O desejo insere-se nas páginas do livro por meio de sinais geralmente sutis. Em uma exterioridade de decoro e autocontrole, é camuflado em “notas espirituais” e “tendências estéticas”, registrando a consciência de uma impossibilidade que decorre da fragilização física do corpo aliada ao regramento social. “Há cousas que apenas se devem escrever e calar” (Assis 1994: 96), afirma o conselheiro, referindo-se à afeição que sente pela jovem viúva.

O que encontramos é uma libido controlada, nunca inexistência de desejo. O discurso de Aires é o discurso social aprendido sobre a velhice; contudo, sua vivência é plena de anseios e percepções que contestam o apaziguamento que lhe estaria teoricamente destinado. Fidélia desperta o erotismo de Aires, relembrando o poder do corpo e de impulsos sexuais que se renovam e retornam sob o formato de novas sublimações. Uma revelação de erotismo que, como afirma Zilbermann (2003), “dá outro contorno à questão: o transcurso do tempo é inexorável, a substituição, inevitável, a transformação, até desejável; mas o homem não acaba, nem a velhice é o termo final” (Idem: 121). E é também Zilbermann quem conclui:

Machado de Assis parece reivindicar, na conclusão do romance, um lugar para o homem velho, distinguindo-o do antigo, do obsoleto e do acabado. Reconhecendo a permanência de sua vitalidade, representada pela sensualidade que não se sujeita, nem se dá por vencida, num corpo que se mantém vivo, o escritor refaz a trajetória do preconceito que marginaliza o idoso (...) Graças a essa abertura, oferece ao velho e à personagem que o corporifica um novo horizonte, emancipador porque situado além dos princípios que regulavam a sociedade a seu tempo. (Idem: 121)

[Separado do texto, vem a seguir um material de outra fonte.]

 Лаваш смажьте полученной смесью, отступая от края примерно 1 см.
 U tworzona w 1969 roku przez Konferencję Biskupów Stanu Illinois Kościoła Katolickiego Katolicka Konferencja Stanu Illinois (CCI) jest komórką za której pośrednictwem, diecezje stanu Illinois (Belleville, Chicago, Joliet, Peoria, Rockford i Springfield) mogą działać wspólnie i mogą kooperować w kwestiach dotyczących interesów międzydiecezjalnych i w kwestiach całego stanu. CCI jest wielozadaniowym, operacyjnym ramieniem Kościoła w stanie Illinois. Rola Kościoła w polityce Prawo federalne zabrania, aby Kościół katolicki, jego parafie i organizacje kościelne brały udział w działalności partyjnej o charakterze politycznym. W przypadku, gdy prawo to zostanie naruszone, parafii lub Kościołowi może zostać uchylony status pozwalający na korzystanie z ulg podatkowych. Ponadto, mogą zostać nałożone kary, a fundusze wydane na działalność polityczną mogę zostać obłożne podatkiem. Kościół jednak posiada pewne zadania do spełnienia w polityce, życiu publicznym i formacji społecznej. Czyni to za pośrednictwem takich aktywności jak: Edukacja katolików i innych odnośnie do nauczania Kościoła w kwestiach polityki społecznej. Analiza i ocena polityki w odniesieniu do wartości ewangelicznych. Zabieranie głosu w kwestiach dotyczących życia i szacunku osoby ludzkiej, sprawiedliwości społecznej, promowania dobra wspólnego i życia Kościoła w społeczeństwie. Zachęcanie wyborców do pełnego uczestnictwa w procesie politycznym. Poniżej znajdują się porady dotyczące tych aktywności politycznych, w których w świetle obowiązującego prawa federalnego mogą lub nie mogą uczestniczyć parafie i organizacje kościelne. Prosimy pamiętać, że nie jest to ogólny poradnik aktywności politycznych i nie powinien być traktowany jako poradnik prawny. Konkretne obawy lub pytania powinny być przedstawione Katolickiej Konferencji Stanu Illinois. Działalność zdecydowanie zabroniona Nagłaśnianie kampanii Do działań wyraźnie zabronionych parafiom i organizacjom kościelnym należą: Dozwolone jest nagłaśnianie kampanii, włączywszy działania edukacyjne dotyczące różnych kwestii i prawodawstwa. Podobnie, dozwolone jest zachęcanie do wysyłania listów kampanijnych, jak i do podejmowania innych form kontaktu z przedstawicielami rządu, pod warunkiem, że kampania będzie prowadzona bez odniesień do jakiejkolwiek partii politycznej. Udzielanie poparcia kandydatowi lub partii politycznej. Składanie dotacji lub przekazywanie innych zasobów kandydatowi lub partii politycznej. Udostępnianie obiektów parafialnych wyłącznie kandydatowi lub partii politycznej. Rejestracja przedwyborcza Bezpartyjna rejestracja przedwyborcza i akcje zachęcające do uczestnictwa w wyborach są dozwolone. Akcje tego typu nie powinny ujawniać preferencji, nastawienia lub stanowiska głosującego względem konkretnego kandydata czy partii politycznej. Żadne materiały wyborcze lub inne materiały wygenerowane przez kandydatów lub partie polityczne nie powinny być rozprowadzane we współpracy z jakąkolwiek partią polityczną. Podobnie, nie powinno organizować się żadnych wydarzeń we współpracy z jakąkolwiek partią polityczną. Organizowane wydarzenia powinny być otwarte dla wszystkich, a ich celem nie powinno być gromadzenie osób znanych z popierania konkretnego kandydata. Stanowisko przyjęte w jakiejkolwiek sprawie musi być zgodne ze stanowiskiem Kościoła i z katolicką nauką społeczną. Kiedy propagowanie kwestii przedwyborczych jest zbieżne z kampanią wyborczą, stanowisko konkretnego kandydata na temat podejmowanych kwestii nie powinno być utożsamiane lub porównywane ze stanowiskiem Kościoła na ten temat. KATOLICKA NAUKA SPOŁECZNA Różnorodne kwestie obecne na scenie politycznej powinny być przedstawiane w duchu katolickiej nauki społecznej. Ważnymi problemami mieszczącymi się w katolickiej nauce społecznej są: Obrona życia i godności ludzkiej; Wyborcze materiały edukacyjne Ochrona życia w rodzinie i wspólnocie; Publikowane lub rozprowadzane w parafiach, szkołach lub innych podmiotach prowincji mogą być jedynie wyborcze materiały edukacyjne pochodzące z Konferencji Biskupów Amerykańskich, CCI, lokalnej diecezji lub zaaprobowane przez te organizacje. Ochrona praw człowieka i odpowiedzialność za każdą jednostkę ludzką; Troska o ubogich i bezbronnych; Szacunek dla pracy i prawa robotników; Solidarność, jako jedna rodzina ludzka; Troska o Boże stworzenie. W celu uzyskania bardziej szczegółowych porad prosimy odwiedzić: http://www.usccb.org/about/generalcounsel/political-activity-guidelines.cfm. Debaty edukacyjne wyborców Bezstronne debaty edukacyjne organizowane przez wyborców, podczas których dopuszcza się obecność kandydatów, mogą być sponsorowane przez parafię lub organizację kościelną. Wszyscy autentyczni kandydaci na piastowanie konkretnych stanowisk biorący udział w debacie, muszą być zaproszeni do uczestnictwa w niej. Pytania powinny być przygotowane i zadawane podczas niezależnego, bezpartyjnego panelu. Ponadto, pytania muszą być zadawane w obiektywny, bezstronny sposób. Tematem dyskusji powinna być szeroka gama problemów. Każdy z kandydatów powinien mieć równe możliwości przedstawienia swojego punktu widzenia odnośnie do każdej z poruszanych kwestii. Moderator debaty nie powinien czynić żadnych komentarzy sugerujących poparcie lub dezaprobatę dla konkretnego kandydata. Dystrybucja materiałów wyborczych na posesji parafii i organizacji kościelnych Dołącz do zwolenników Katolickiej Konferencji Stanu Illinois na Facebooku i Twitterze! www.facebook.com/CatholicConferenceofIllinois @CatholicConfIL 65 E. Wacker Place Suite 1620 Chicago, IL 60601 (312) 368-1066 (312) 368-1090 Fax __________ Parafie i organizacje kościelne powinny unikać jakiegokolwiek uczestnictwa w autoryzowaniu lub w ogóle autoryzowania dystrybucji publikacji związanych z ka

Porém, se existe uma crença nas possibilidades emancipadoras, há também melancolia e isolamento nas palavras de Aires. Às dificuldades físicas e mentais de um corpo que enfrenta a passagem dos anos acrescem-se conflitos e regramentos sociais excludentes. Alves (2016) atenta que o próprio foco no romance de Tristão e Fidélia é recurso de denúncia, pois reforça a percepção da exiguidade do papel destinado aos idosos em suas mais variadas nuances: a amorosa e sexual, refletida nos desejos não realizados; a familiar, na medida em que o amor de Tristão e Fidélia representa maior solidão ao

casal de idosos; e a política, pois a permanência do casal jovem no exterior implica conotações significativas em termos de mudança do sistema político brasileiro124.

Contudo, se Machado de Assis cria um romance exemplar na abordagem da velhice, o tema não recebe continuidade no ambiente literário brasileiro da época, permanecendo em uma situação de descaso e invisibilidade. O idoso, quando presente em obras ficcionais, aparece no papel de vítima ou narrador de histórias passadas ou alheias, não de vivências do presente como as efetuadas pela personagem de Memorial de Aires. O novo século é veloz e jovem, voltado às mudanças já sinalizadas pelo movimento além- mar efetuado por Tristão e Fidélia. À imobilidade, ao caminhar lento de Aires e do casal Aguiar, restam os espaços solitários dos jardins de casas tristes, onde o consolo surge no formato de saudades.